Confidence Intervals: Wilson score intervals with continuity correction, targeting 4-9% width depending on precision level.
Manifold Parameter Space¶
M6 explores reasoning difficulty through parametric manifolds rather than fixed grids:
Objects Manifold: target_groups(1-8) × length(4-56) × distractors(0-4)
- Selective attention assessment across semantic categories
- 11 domains: Animals, Colors, Foods, etc.
Boolean Manifold: length(4-32) × depth(0-6) × format(3 types)
- Logical reasoning with nested operators
- Precedence rules and format variations
Arithmetic Manifolds (3 separate):
- Small numbers (-9 to 9) with whitespace variations
- Large numbers (-99 to 99) with depth scaling
- Pure whitespace robustness testing
Movies Manifold: hints(0-4) × reference_count(3-16)
- Pattern recognition through hint-based information filtering
- Reduced cultural knowledge dependency vs C2
Shuffle Manifolds (2 separate):
- No anchor: Pure sequential tracking
- With anchors: Numeric/alphabetic organizational markers
Dates Manifold: tier(0-3) × format(4 types)

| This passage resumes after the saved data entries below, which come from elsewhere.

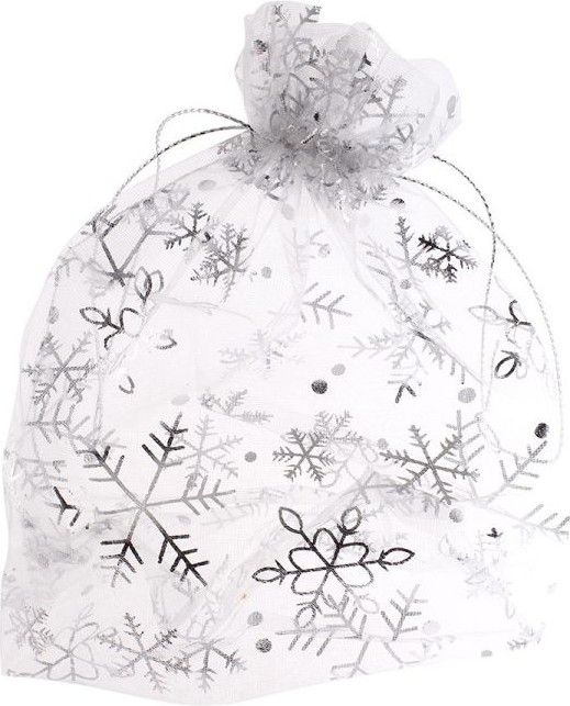 - Vánoční dárkový sáček z organzy se stříbrným potiskem vloček.
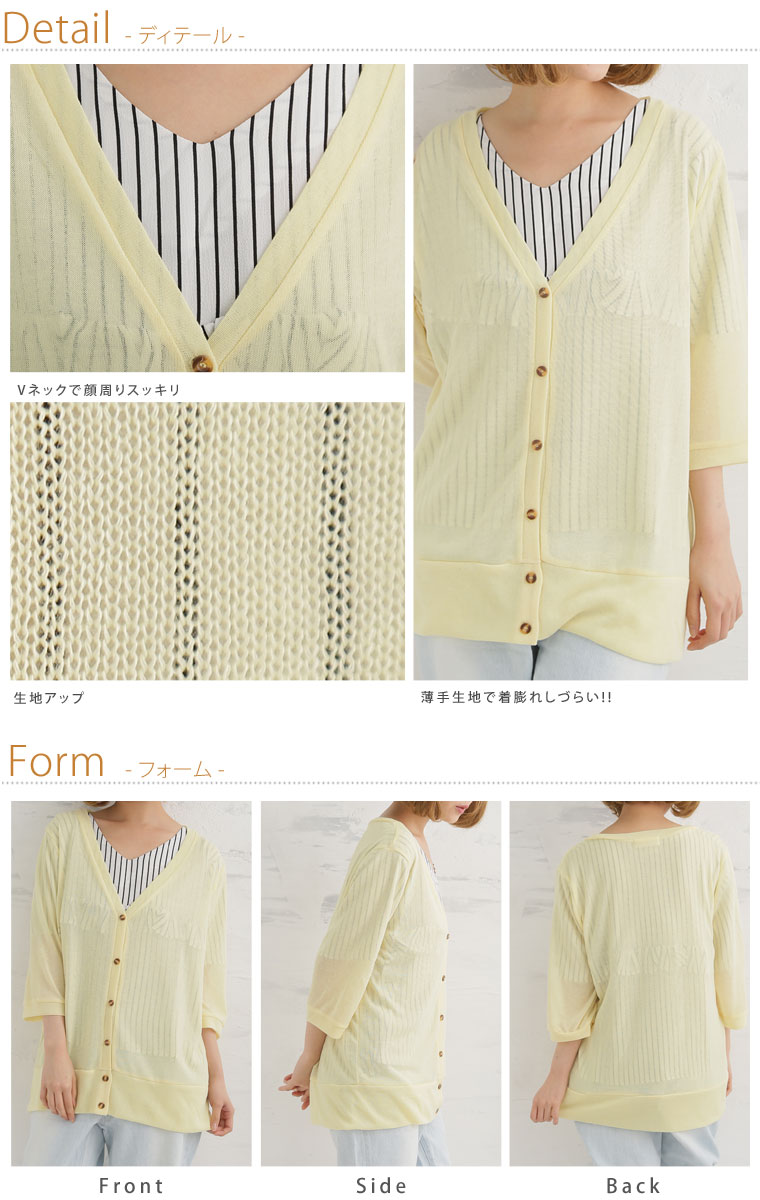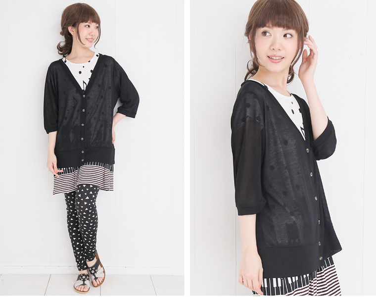 薄手生地で年中活躍すること間違いなしなカーディガンです。
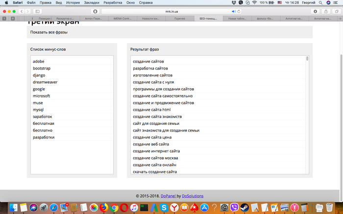 А теперь представим что мы взяли раздел «разработка сайтов», собирали туда ключи, содержащие «разработка, создание, изготовление сайтов» так вот получился файл на 650 фраз, в которых будут все запросы и целевые и не целевые.
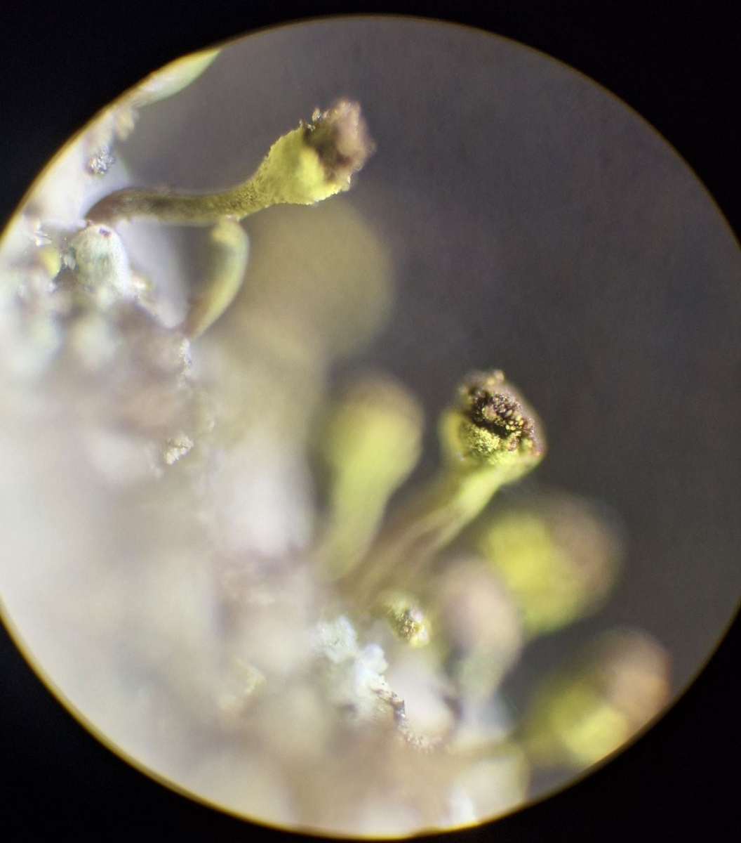 Hallo Stefan, willst Du damit sagen, dass das keine Flechte ist? Hast Du ein Beispiel für einen Pilz, der ein Mazaedium bildet und keine Flechte ist? Oder meinst Du, dass das gar keins ist, und dass das Konidiensporen sind? Ich sehe keinen prinzipiellen Unterschied zu den anderen Stecknadelflechten, die ich in den letzten Tagen angeschaut habe (viele davon auch hier gezeigt).

- Temporal reasoning complexity scaling
- Format variations: USA, Natural, Ordinal, Offset
Viewing M6 Results¶
M6 results integrate with ReasonScape's visualization tools:
# Generate M6 dataset from evaluation results
python evaluate.py --interview 'results/*m6*/*.ndjson' --output data/m6-results.json
# View multi-task rankings
python leaderboard.py data/m6-results.json
# Explore 6D cognitive assessment space
python explorer.py data/m6-results.json
The visualization system automatically adapts to M6's manifold structure, enabling intuitive exploration across all 6 reasoning domains with degree-aware difficulty rendering.